This model is available as an automated tutorial by selecting Model Examples and Tutorials... > Classic PDE > Black-Scholes Equation from the File menu, viewed as a videotutorial", or alternatively, follow the step-by-step instructions below.
Select the Custom Equation physics mode from the Select Physics drop-down menu.
Press OK to finish and close the dialog box.
Press the Generate button to call the grid generation algorithm.
Enter u' - 1/2*ux_x - ux_t + u_t = (x-t)^5 - 10*(x-t)^4 - 10*(x-t)^3
into the Equation for u edit field.
Enter x^5
into the Initial condition for u edit field.
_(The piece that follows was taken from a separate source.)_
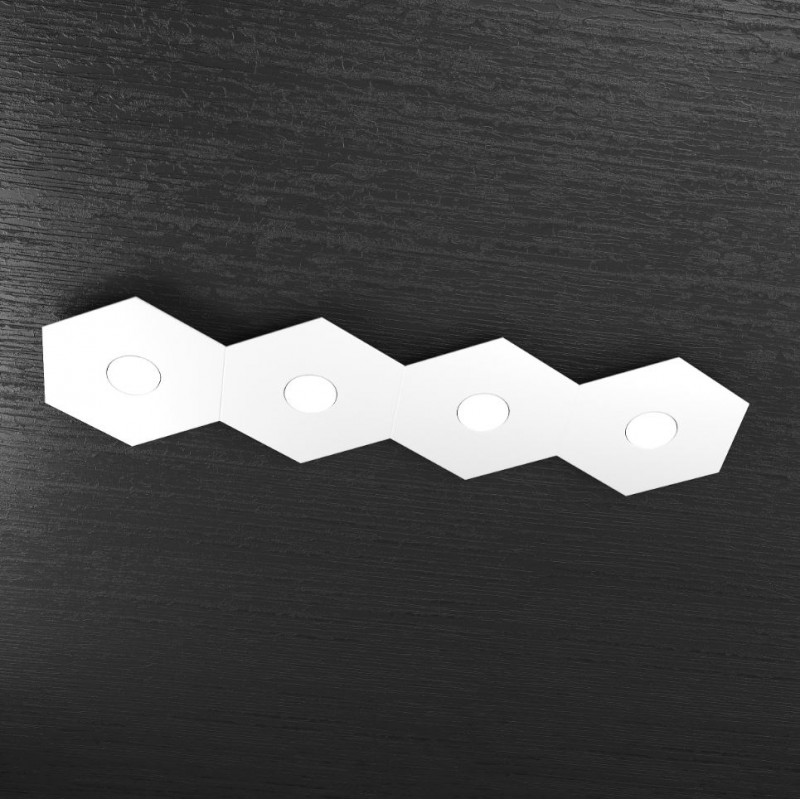 Questa composizione predefinita dal produttore fa parte della collezione Hexagon ed è composta da 4 elementi a forma di esagono realizzati in lastra sottile di metallo verniciato bianco.

The values at the two boundaries should be set to -t^5
minus t to the power of 5, at the left boundary, and (1-t)^5
to the right, where t
represents time.
Enter -t^5
into the Dirichlet/Neumann coefficient edit field.
Enter (1-t)^5
into the Dirichlet/Neumann coefficient edit field.
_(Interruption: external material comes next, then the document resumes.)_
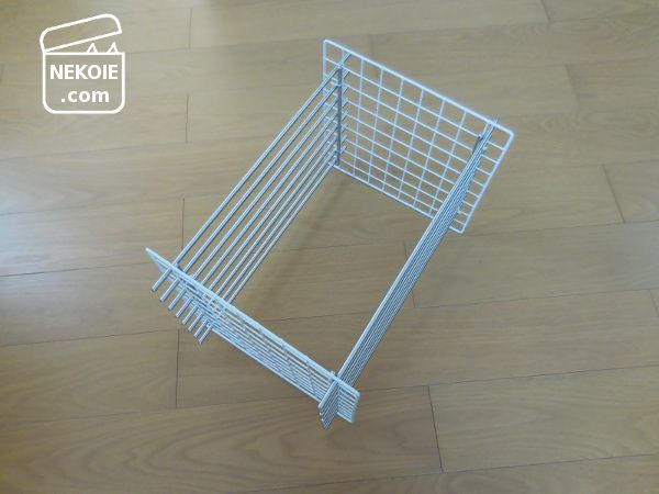 写真下半分に写っている白いワイヤーメッシュは、以前100円ショップで調達したもの。わが家ではたびたび形を変えながら多用途に使っているものの一部です。

Select Time-Dependent from the Solution and solver type drop-down menu.
Press the Solve button.
To visualize the difference between the computed and exact analytical solution, open the Plot Options and postprocessing settings dialog box and enter the expression u - (x-t)^5
in the edit field for the Surface Plot expression.
Enter 0 1 -5e-3 5e-3
into the edit field for the Axis limits (for the xmin, xmax, ymin, and ymax limits).
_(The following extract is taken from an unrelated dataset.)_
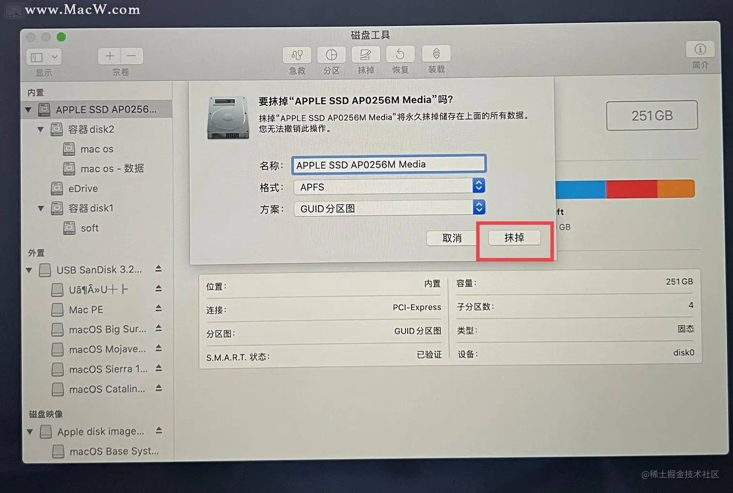 - 下图中,如果你的电脑想安装10.14系统或者匹配的更低版本,格式 则需要选择 macos 扩展日志式,一般来说T2芯片的出厂系统应该都是APFS,你选择APFS都是没问题的。

Press OK to finish and close the dialog box.
One can now clearly see that the maximum error has a magnitude of 0.002 around x = 0.25, which can be improved further by using a finer grid and smaller time steps.
The black-scholes equation classic pde model has now been completed and can be saved as a binary (.fea) model file, or exported as a programmable MATLAB m-script text file (available as the example ex_custom_equation1 script file), or GUI script (.fes) file.